→ **Task brief**
When the line with "As imagens mostram" appears below, start repeating lines exactly, and keep going through the line with "This page presents"; add nothing outside that span.

→ **Records for the exercise**
- Opening Delimiter -

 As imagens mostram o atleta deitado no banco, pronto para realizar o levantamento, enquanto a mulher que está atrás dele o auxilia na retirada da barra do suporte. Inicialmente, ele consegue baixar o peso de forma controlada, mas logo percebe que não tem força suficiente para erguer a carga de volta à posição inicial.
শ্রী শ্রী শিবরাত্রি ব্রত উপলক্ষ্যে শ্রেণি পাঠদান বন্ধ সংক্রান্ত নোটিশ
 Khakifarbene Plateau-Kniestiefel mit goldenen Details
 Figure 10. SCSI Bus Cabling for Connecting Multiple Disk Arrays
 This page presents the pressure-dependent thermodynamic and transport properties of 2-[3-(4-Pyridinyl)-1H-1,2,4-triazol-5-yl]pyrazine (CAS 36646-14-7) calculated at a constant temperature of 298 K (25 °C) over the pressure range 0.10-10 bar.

- Closing Delimiter -
- Opening Delimiter -

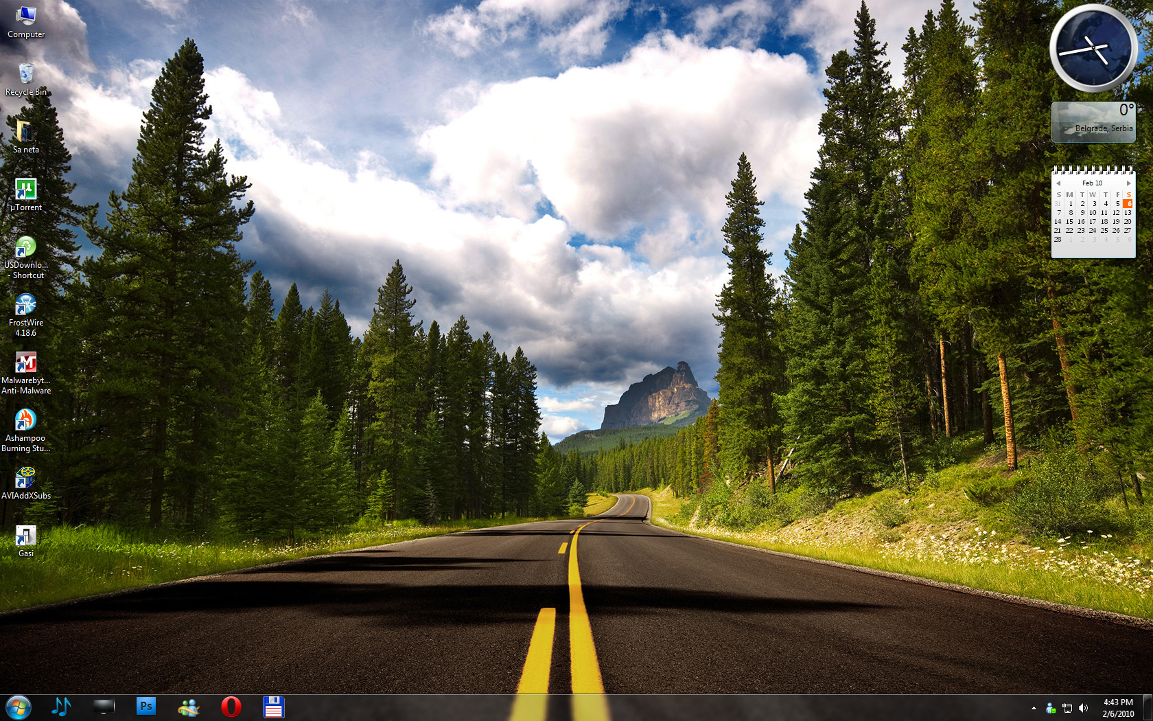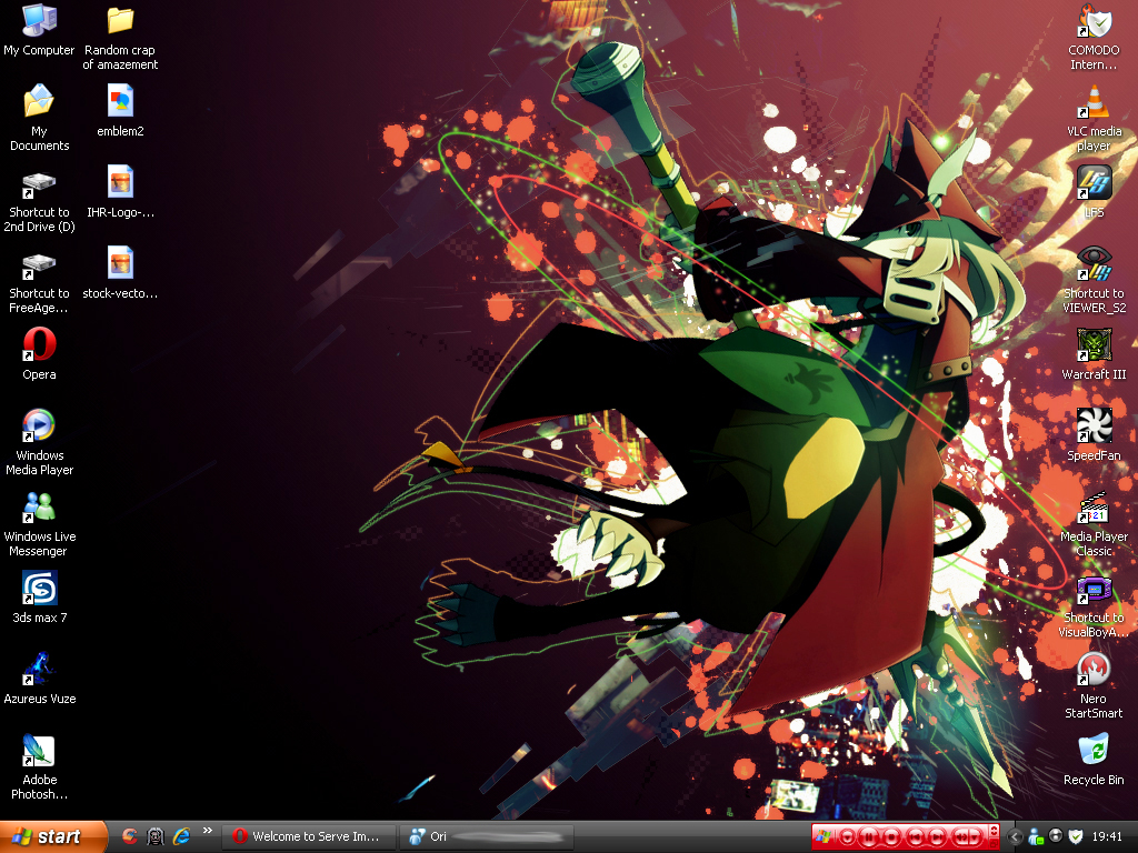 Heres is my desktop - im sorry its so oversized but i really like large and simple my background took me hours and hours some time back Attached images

- Closing Delimiter -

→ **Response area**
 As imagens mostram o atleta deitado no banco, pronto para realizar o levantamento, enquanto a mulher que está atrás dele o auxilia na retirada da barra do suporte. Inicialmente, ele consegue baixar o peso de forma controlada, mas logo percebe que não tem força suficiente para erguer a carga de volta à posição inicial.
শ্রী শ্রী শিবরাত্রি ব্রত উপলক্ষ্যে শ্রেণি পাঠদান বন্ধ সংক্রান্ত নোটিশ
 Khakifarbene Plateau-Kniestiefel mit goldenen Details
 Figure 10. SCSI Bus Cabling for Connecting Multiple Disk Arrays
 This page presents the pressure-dependent thermodynamic and transport properties of 2-[3-(4-Pyridinyl)-1H-1,2,4-triazol-5-yl]pyrazine (CAS 36646-14-7) calculated at a constant temperature of 298 K (25 °C) over the pressure range 0.10-10 bar.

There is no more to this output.